The elements of common law negligence have been summarized as (1) a duty, recognized by law, requiring a defendant to conform to a certain standard of conduct; (2) a breach of that duty; (3) a causal connection between the defendant's conduct and the resulting injuries; and (4) actual loss or damage. Brizendine v. Nampa Meridian Irrigation Distr., 97 Idaho 580, 548 P.2d 80 (1976).

In general, it is held that "one owes the duty to every person in our society to use reasonable care to avoid injury to the other person in any situation in which it could be reasonably anticipated or foreseen that a failure to use such care might result in such injury." (emphasis added) Kirby v. Sonville, 286 Or. 339, 594 P.2d 818, 821 (1979). And in Harper v. Hoffman, 95 Idaho 933, 523 P.2d 536 (1974), this Court stated:

" 'Every person has a general duty to use due or ordinary care not to injure others, to avoid injury to others by any agency set in operation by him, and to do his work, render services or use his property as to avoid such injury.' " 95 Idaho at 935, 523 P.2d at 538, quoting from Whitt v. Jarnagin, 91 Idaho 181, 188, 418 P.2d 278, 285 (1966).

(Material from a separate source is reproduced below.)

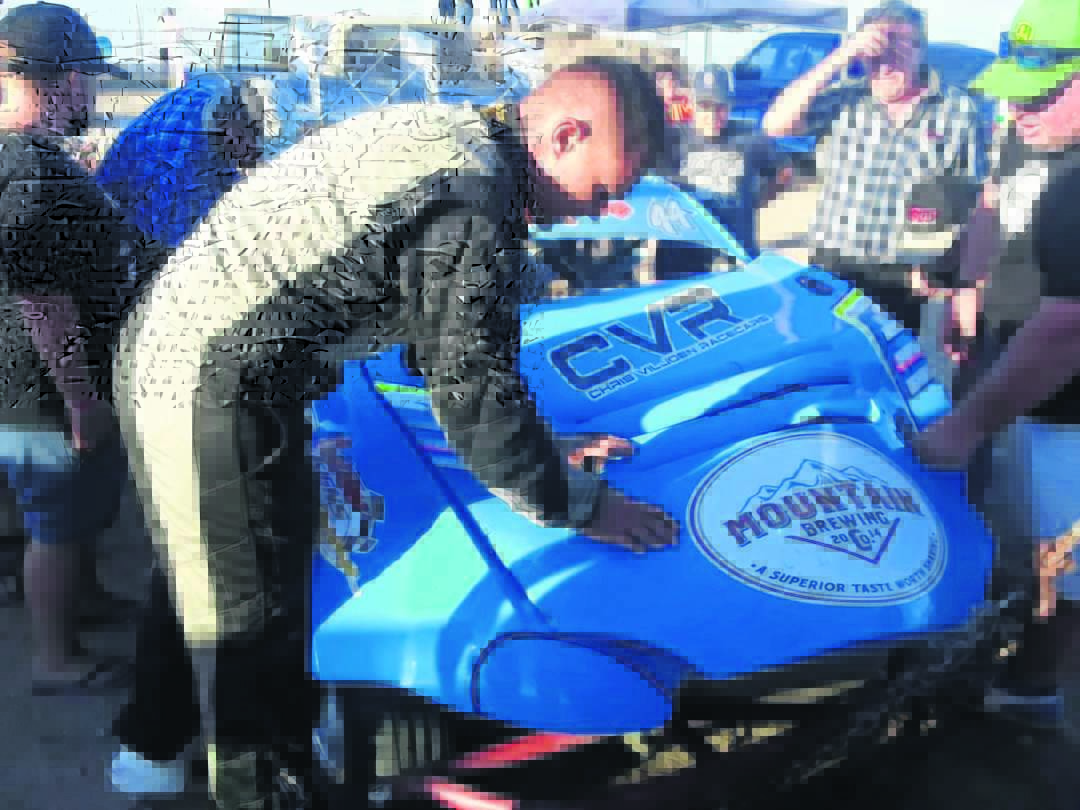 Sy blou renmotor het ongelukkig baie skade opgedoen.

In determining whether such duty has been breached by the allegedly negligent party, his conduct is measured against that of an ordinarily prudent person acting under all the circumstances and conditions then existing. Nagel v. Hammond, 90 Idaho 96, 408 P.2d 468 (1965). We perceive no justification for excusing the licensed vendor of intoxicants from the above general duty which each person owes all others in our society.

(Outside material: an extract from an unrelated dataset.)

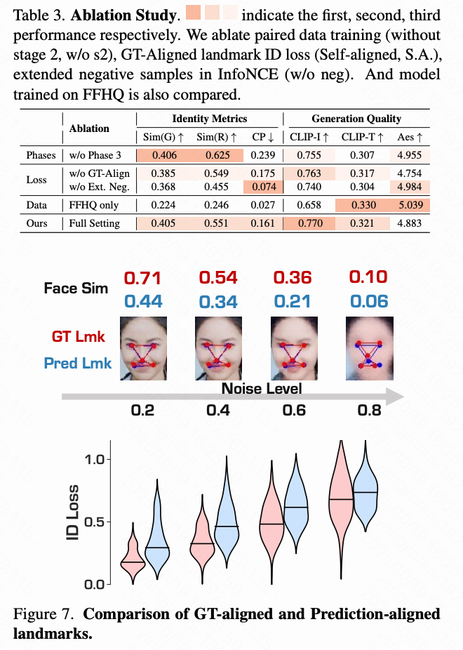 如下表 3 所示,配对数据微调阶段在减少复制粘贴伪影的同时,不会降低与真实值的相似性,而在 FFHQ 上训练的效果显著差于在本文精心策划的数据集上进行训练的效果。下图 7 进一步表明,GT 对齐的 ID 损失在低噪声水平下降低了去噪误差,并在高噪声下产生更高方差、信息更丰富的梯度,从而增强身份学习能力。通过消融扩展的反例,只留下批次中的 63 个负样本(最初扩展到 4096 个),ID 对比损失的效果显著降低。

We come now to the question whether the jury in the present case should have been allowed to determine whether respondents, engaged in the daily business of selling intoxicants for consumption on their premises, could reasonably have foreseen or anticipated that their sale of intoxicants to Payonk, whom they knew or should have known to be a minor and whom they knew or should have known to be actually, apparently and obviously intoxicated, might result in injury to appellants; and whether the conduct of respondents in so acting fell below that of a person of ordinary prudence acting under the same circumstances and conditions.

In Nagel v. Hammond, supra, it was held that

" 'where the evidence on material facts is conflicting, or where on undisputed facts reasonable and fairminded men may differ as to the inferences and conclusions to be drawn, or where different conclusions might reasonably be reached by different minds, the question of negligence ... and proximate cause is one of fact to be submitted to the jury and not a question of law for the court; if, upon all the facts and circumstances, there is a reasonable chance or likelihood of the conclusions of reasonable men differing, the question is one for the jury.' " 90 Idaho 96, 102, 408 P.2d 468, 472 (1965), quoting from Stowers v. Union Pac. R. Co., 72 Idaho 87, 237 P.2d 1041 (1951).

The Oregon Supreme Court, faced with an appeal from a judgment of involuntary nonsuit in Kirby v. Sonville, supra, framed the central issue as

" 'whether plaintiff's injury and the manner of its occurrence (were) so highly unusual that we can say as a matter of law that a reasonable man, making an inventory of the possibilities of harm which his conduct might produce, would not have reasonably expected the injury to occur.' " 594 P.2d at 822, quoting from Stewart v. Jefferson Plywood Co., 469 P.2d 783 (Or.1970).

In the present case, it is alleged (1) that respondents liquor vendors 1 sold further intoxicants to a minor at a time when he was already actually, apparently and obviously intoxicated, with actual or constructive knowledge of the minor consumer's age and condition; and (2) that such conduct on the part of respondents constituted an actionable breach of the general duty owed appellants, as members of society, to use reasonable care to avoid injury to others in a situation in which injury was foreseeable should respondents fail to use such care.